The next day a routing error took us on to a private road through Golden Grove Park. We weren’t keen to backtrack and got through without challenge, then sped into Llandeilo for a café as the rain began to fall. We were on the threshold of The Brecon Beacons National Park and took the route through Llandduesant and on to the mountain road to Sennybridge. We stopped for lunch in the shelter of a church porch, which proved unnecessary as the sun came out and remained for the afternoon.
BRECON BEACONS
The little lane north of the busy A40 proved to be quite lumpy, but we recharged our batteries at Brecon before heading on to Crickhowell via the Taffi Trail and a fast B-road concluding the mere 101km for the day. Following a hearty meal, we set our tents under a tree in the park just in time to shelter from heavy rain.
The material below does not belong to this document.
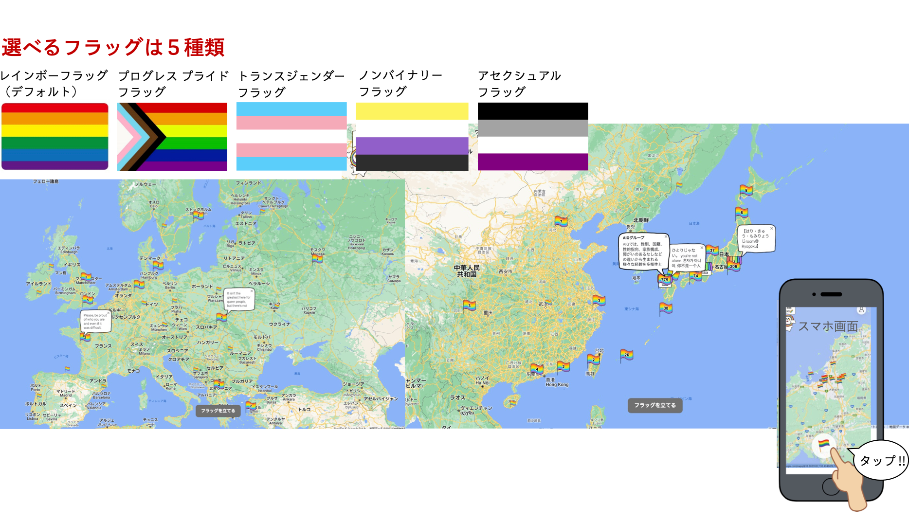 ご自身の住んでいる場所にマーカーを合わせてフラッグを立てるだけという手軽さもRainbow Mappingの魅力の一つ。(フラッグは自動で50mずれるように設定されていますので、実際の居場所が表示されることはありません。)また、写真やメッセージを添えることも可能ですので、LGBTフレンドリーな企業やショップと当事者を繋ぐパイプラインとしてもご活用いただけるサービスです。

The next morning we arrived in Abergavenny for breakfast. The sunlight caught the mountain peaks and set a reddening horizon before us. We were now on familiar territory but at Usk I was tempted by an alternative route to Chepstow, following route 42. It’s clear why this is not used as the Audax route. Although pleasant in places, it involves steep ascents and messy roads.
EXMOOR
By now the wind had swung to the south, making the crossing the Severn Bridge quite a challenge. We’d completed the 56km ride to England by 9.30am. The cycle route to Avonmouth had been messed with, and we found ourselves joining the entirely unpleasant A403 into the village for our morning coffee stop.
The next challenge was to find the Avon cycle bridge. We then headed out via Clevedon and then on to the Strawberry Line for the tunnel through the ridge of the Mendip Hills AONB. It was a tough ride over the levels with an incessant headwind, but at least we were dry and now well ahead of our schedule.
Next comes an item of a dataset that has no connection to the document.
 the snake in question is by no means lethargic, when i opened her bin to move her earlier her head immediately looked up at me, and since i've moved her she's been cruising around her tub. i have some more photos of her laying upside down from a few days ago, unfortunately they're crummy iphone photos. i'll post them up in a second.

We carried on into Bridgwater for afternoon tea, and then over the Quantocks. From the summit we were afforded fine views of the Severn Estuary and distant views across much of the days
cycling. We descended to Bishops Lydiard where we camped at a fowl small holding on the edge of Exmoor National Park, all manner of feathered creatures – an early awakening seemed inevitable. We’d made 161km despite the headwind, so decided we’d avoid the extra Dartmoor loop, but get home that day, having been so beaten up by the weather.
The night was to bring high winds, which did not abate – 20mph with 40mph gusts over the high ground, continuing for much of the day, and largely against us.
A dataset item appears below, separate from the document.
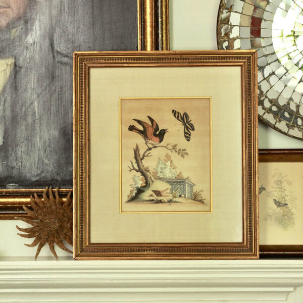Classic beauty. I found this stunning 18th c. engraving by George Edwards in South Carolina. The subjects: American Redstart, Butterfly and botanical are just so beautifully rendered and charming! This piece was professionally framed by Coffey & Thompson, North Carolina and is double matted in a silk mat with a gold filet and classic wood frame finished in an antique gold. A rare find.

For our final day we had a long B-road climb on to the Brendon Hills. Once on the ridge with the great beech hedges protecting us from the wind, we made good to Exford for coffee. The protection thereafter had gone, so a slow ride to Simonsbath, and then into the wind over the high ridge to South Molton.
DARTMOOR
All was pretty straight forwards across Mid-Devon to Whiddon Down, apart from the mess of a jammed chain, and then a moment to savour as we rolled at tenth and final National Park, our very own Dartmoor and on down the Wray Valley to a triumphant arrival at home.
The total distance in the 14 days had been just over 1,675km, and the total climb attained 22,480m. It had been an amazing venture to directly link all of these wonderful landscapes into a single ride, together with the additional challenge of wild camping.
● The concept for this ride is now being developed into a 1600km, or an Imperial 1000 Audax that could also be ridden as an SR series or a consecutive series of 200km rides, so look out for it in the Permanents Calendar.